Trapeze/Orion Publishing, June 2020
Minotaur Books, May 2020
I’ve been a fan of Sharon Bolton’s for a number of years. She started out writing as S.J. Bolton no doubt because initials didn’t give away the fact that she was a woman. At any rate The Split is her newest standalone and in truth I have mixed feelings about this book. It’s opening quickly draws you in as we meet Felicity Lloyd who is a glaciologist working on the remote Island of South Georgia in the Antarctic Circle.
Felicity is worried, very worried. A cruise ship, the last of the season, is arriving and she soon learns that one of the passengers, Freddie, is the man she’s been running from for close to a year. She believes he wants to kill her, but she has no idea why.
To find out the reason behind her fears we jump back in time, to nine months previously. Felicity is in Cambridge, England. She has been found, her clothes torn, her face and body bruised and bleeding, with no memory of what happened to her. She is now undergoing a psychiatric assessment, that’s why she’s in Dr. Joe Grant’s office. She needs to pass this assessment in order to return to work.

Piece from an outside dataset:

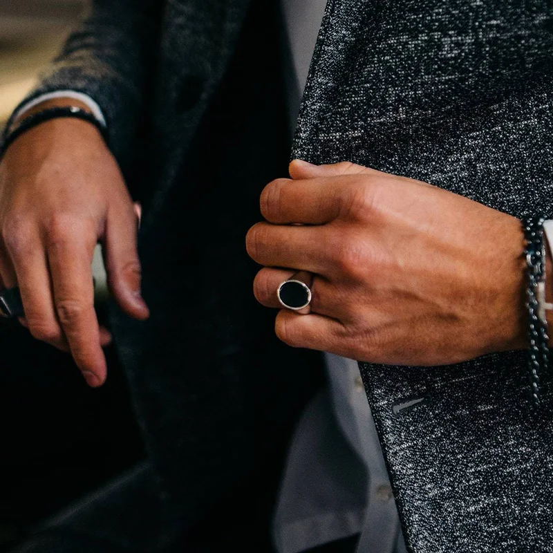 Современные мужские овальные черные простые боковые кольца с перстн...

Joe has his own problems but he likes Felicity and wants to help. For the next third of the book we get to know Felicity a little more. Strange things keep happening to her. She is attacked and she’s also sure someone is getting into her house while she sleeps. Her car goes missing and her fear and tension steadily escalates, leaving her petrified that she’s going insane.
Several street people, people Felicity knows, have gone missing and a body is found. Is Felicity involved? She doesn’t know for sure and neither does Joe, who is growing more anxious about his patient. Joe’s mother, Delilah, is a detective who is certain Felicity knows more than she is saying, and might well be a suspect.
I read a review of this book (after I’d finished it), and had to agree with the reviewer, who praised Sharon Bolton’s meticulous research, but wondered, as I did, that it seemed obvious what was happening to Felicity. That Joe and his detective mother should have reached a similar conclusion within the story.
This didn’t stop me from reading its thrilling conclusion.
But I’m still thinking and wondering about it. But while I came away feeling a little disappointed, I’ll certainly check out her next book.
Reviewed by guest reviewer Moyra Tarling, July 2020.